━━━ Material provided

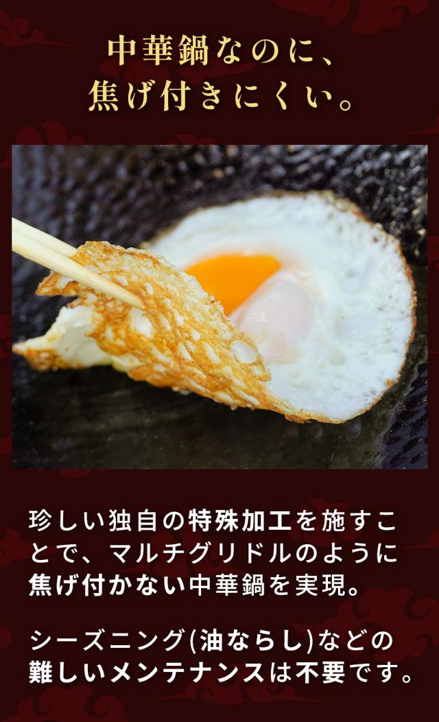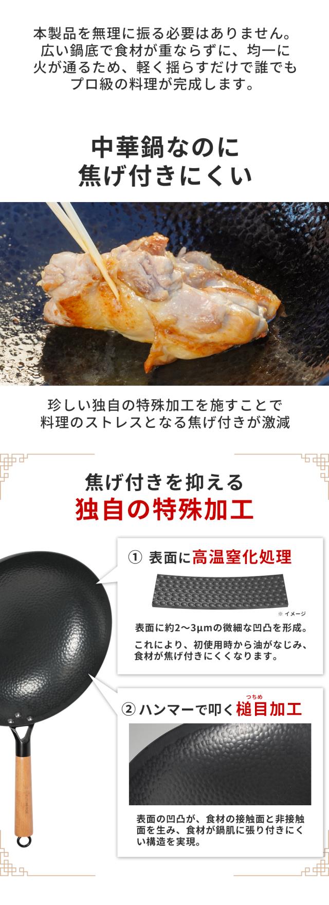 高温窒化処理と槌目加工により、シーズニング不要で最初から焦げ付きにくく、使用後はサッと洗うだけ。
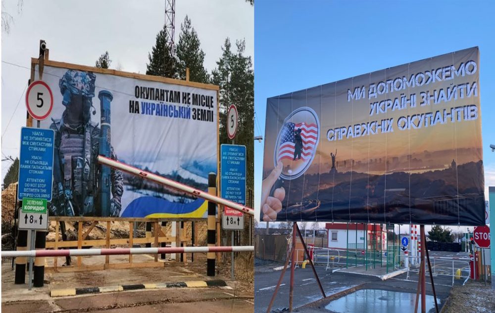 12 марта стало известно, что представители режима Лукашенко произвели пропагандистский «выстрел в ответ», разместив в тех же пограничных переходах в сторону Украины билборды с надписью на украинском языке «Ми допоможемо Україні знайти справжніх окупантів» [Перевод: «Мы поможем Украине найти настоящих оккупантов»].
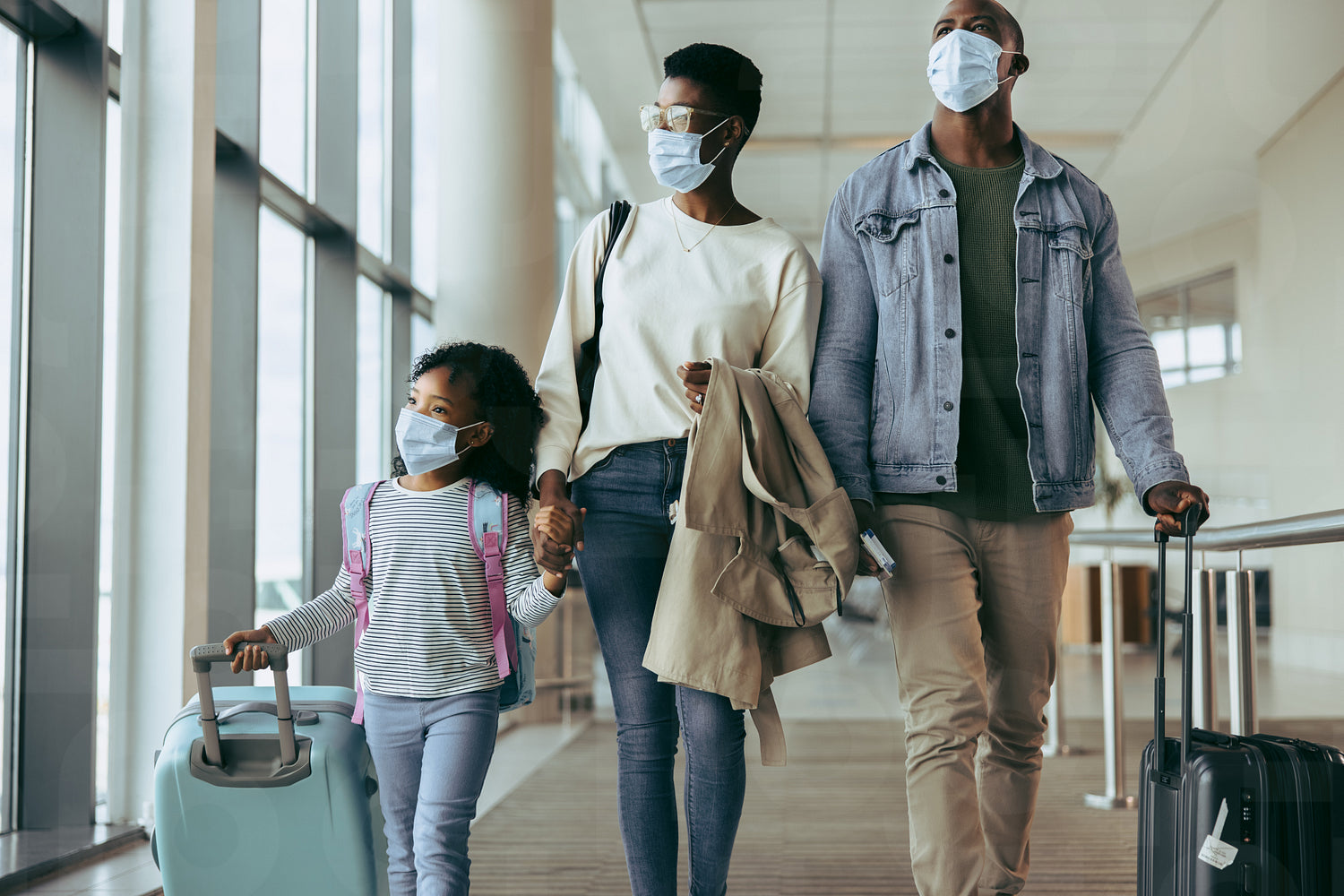 Family in face masks at airport terminal going for holiday looking away. Family of three walking with luggage through airport corridor.

━━━━━━

Work order | Copy nothing but the lines from the one containing "12 марта стало" through the last line of the listing above, transcribed exactly and with no pictures.

Output for this task |
 12 марта стало известно, что представители режима Лукашенко произвели пропагандистский «выстрел в ответ», разместив в тех же пограничных переходах в сторону Украины билборды с надписью на украинском языке «Ми допоможемо Україні знайти справжніх окупантів» [Перевод: «Мы поможем Украине найти настоящих оккупантов»].
 Family in face masks at airport terminal going for holiday looking away. Family of three walking with luggage through airport corridor.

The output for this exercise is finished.